▶ _What is being asked_
Exactly and only the lines from the first entry through the line with "(a) Preoperative CT" should be copied, both ends included, with no pictures.

▶ _Source material_
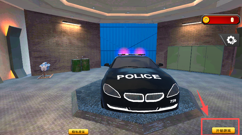 2、选择 “关卡 1”,进入对应的警车驾驶关卡场景。
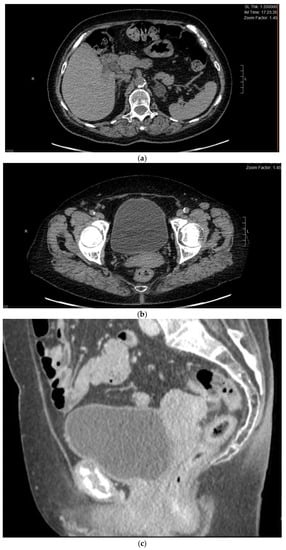 (a) Preoperative CT cross-section at the liver level, free of pathological lesions. (b,c) Multilocular solid left adnexal mass, recurrence of HCC, seen in sagittal and transverse scans.
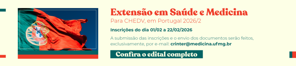 Entre os dias 1º e 22 de fevereiro de 2026, o Centro de Relações Internacionais (Crinter), estará recebendo inscrições, com o objetivo de selecionar 4 (quatro) estudantes para cursar a disciplina MED158 – EXTENSÃO EM SAÚDE E MEDICINA no Centro Hospitalar de Entre o D’Ouro e Vouga, em Santa Maria da Feira, Portugal
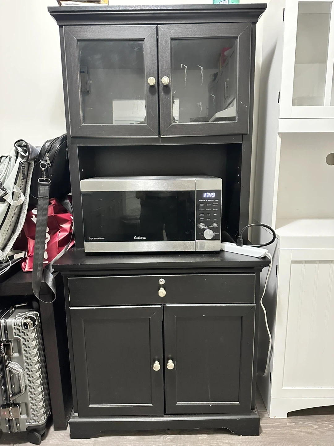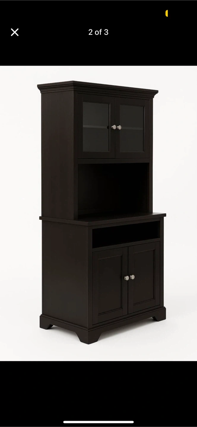 Selling a lovely espresso-coloured wood buffet with a hutch. It features glass doors on the upper cabinet and ample storage space below. Perfect for adding a touch of elegance to your dining area or kitchen!
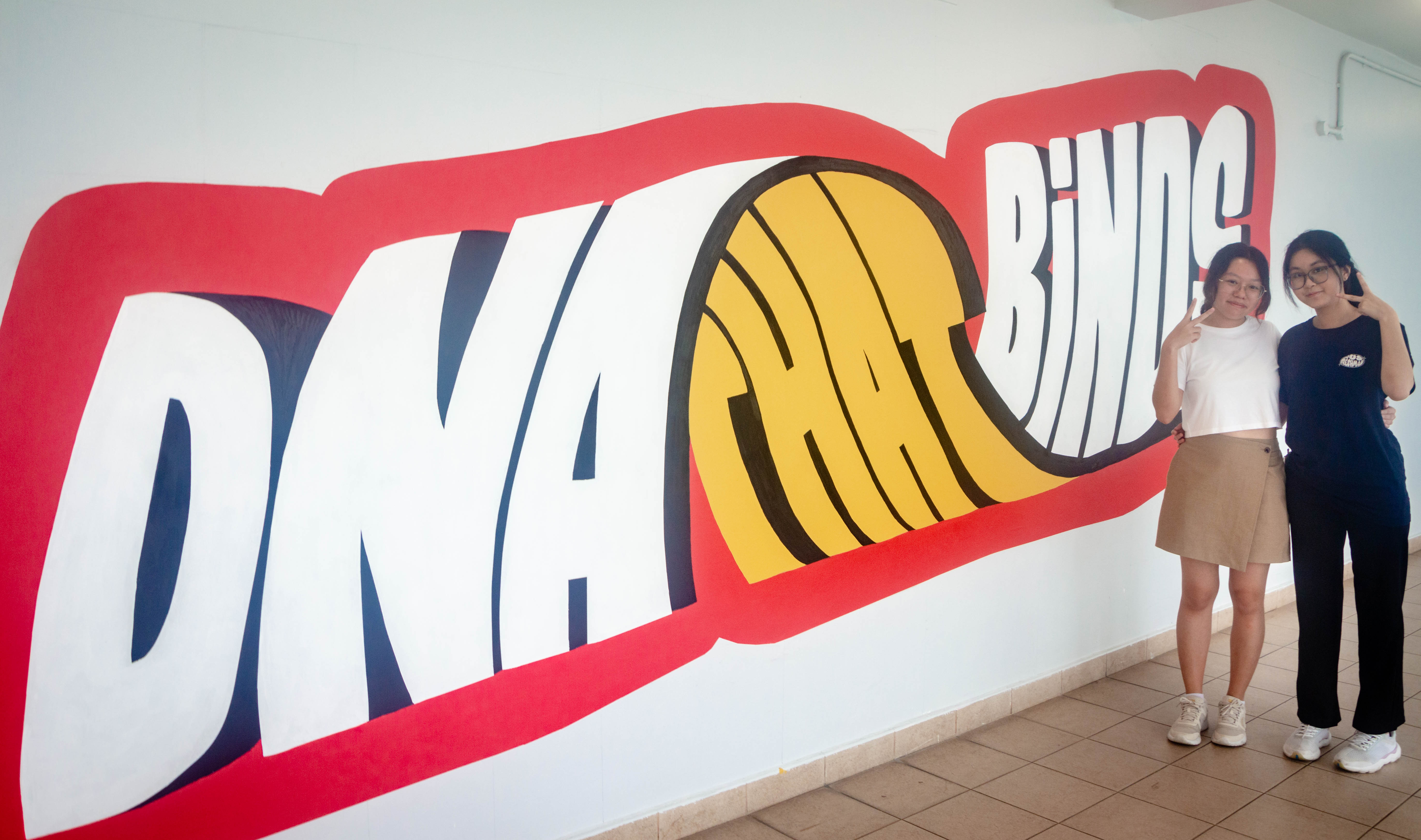 The second wall mural, which is inspired by Helix House’s tagline “DNA that binds”, has wave-like features that are reminiscent of the strands of DNA. Adopting a typographic design, the striking and bold mural serves as a complement to the illustrative features of the first mural design.

▶ _Answer_
 2、选择 “关卡 1”,进入对应的警车驾驶关卡场景。
 (a) Preoperative CT cross-section at the liver level, free of pathological lesions. (b,c) Multilocular solid left adnexal mass, recurrence of HCC, seen in sagittal and transverse scans.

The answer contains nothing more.